--- START ---
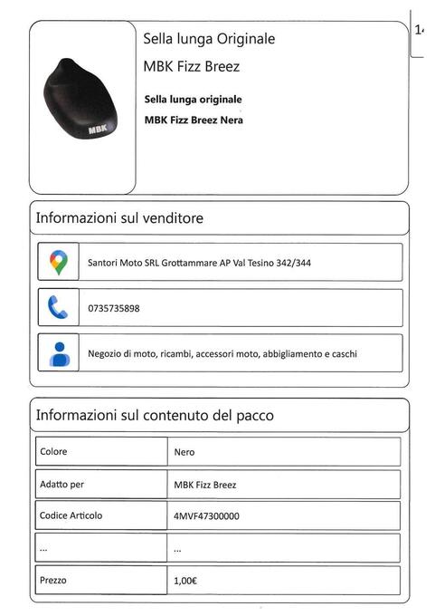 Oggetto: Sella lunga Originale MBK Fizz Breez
--- END ---
--- START ---
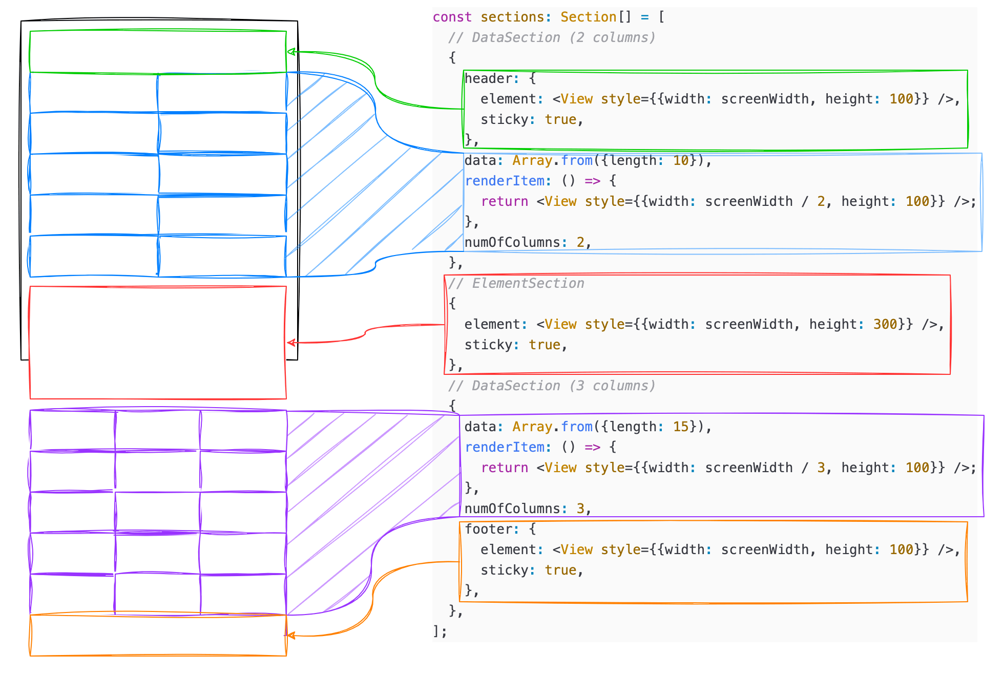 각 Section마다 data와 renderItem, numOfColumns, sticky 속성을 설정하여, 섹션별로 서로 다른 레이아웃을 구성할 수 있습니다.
--- END ---
--- START ---
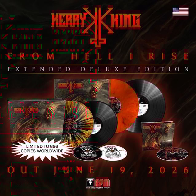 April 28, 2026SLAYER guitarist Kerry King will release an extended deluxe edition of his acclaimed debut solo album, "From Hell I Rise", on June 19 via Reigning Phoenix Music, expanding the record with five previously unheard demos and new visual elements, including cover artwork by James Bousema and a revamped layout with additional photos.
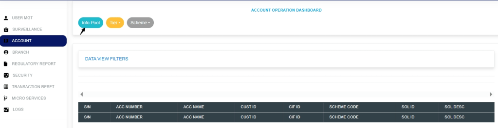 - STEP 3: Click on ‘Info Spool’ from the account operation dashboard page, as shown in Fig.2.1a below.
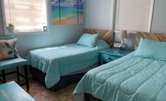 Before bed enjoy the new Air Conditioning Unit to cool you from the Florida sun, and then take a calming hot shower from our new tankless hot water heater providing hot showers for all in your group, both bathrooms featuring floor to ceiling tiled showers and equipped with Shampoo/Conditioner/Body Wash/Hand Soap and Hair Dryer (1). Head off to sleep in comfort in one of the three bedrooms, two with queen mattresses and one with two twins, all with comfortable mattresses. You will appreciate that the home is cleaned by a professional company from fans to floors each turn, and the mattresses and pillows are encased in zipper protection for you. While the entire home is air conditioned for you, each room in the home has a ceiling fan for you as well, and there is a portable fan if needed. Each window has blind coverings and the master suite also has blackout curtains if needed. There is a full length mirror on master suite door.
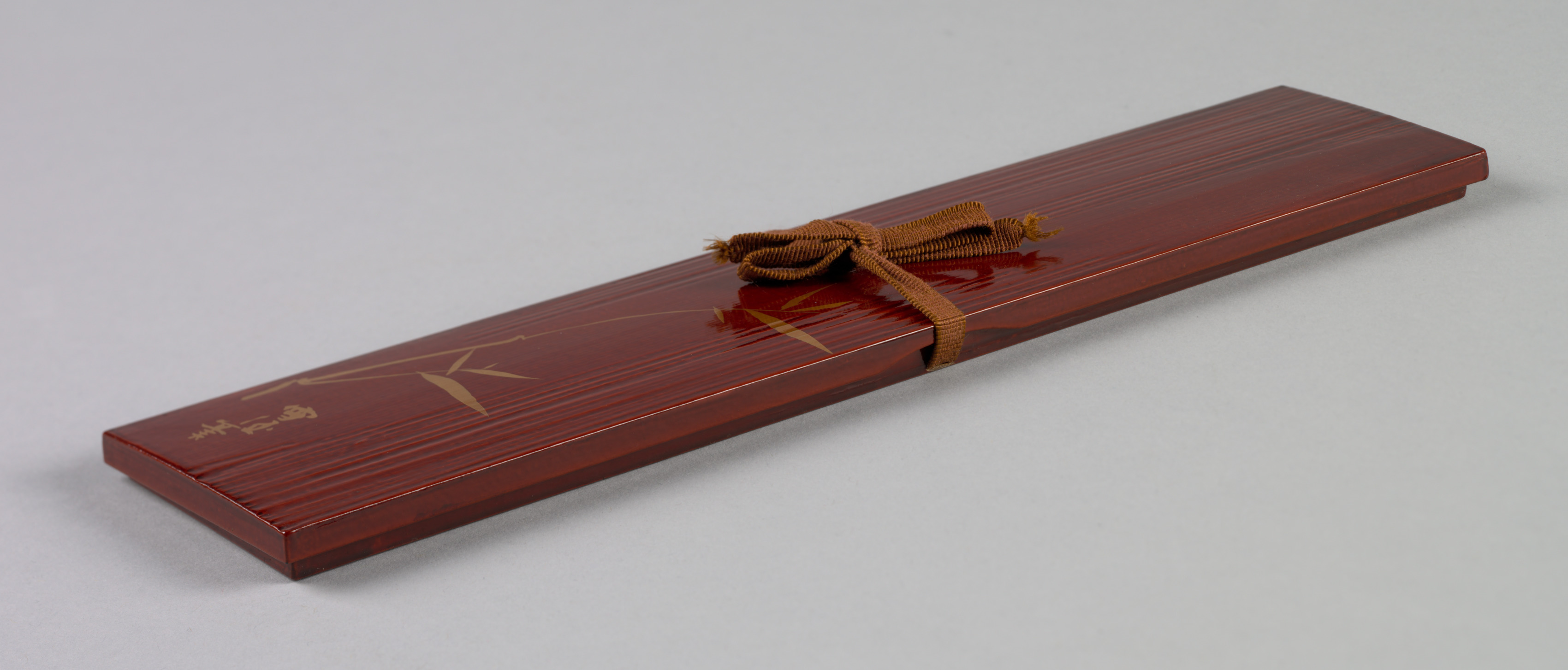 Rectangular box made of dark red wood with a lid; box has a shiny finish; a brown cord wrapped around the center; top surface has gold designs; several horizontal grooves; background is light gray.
--- END ---
Taking the records above, print only and exactly the lines from the line with "April 28, 2026SLAYER" to the line with "- STEP 3: Click", both kept, and exclude pictures.

◆ **Result for this exercise**:
 April 28, 2026SLAYER guitarist Kerry King will release an extended deluxe edition of his acclaimed debut solo album, "From Hell I Rise", on June 19 via Reigning Phoenix Music, expanding the record with five previously unheard demos and new visual elements, including cover artwork by James Bousema and a revamped layout with additional photos.
 - STEP 3: Click on ‘Info Spool’ from the account operation dashboard page, as shown in Fig.2.1a below.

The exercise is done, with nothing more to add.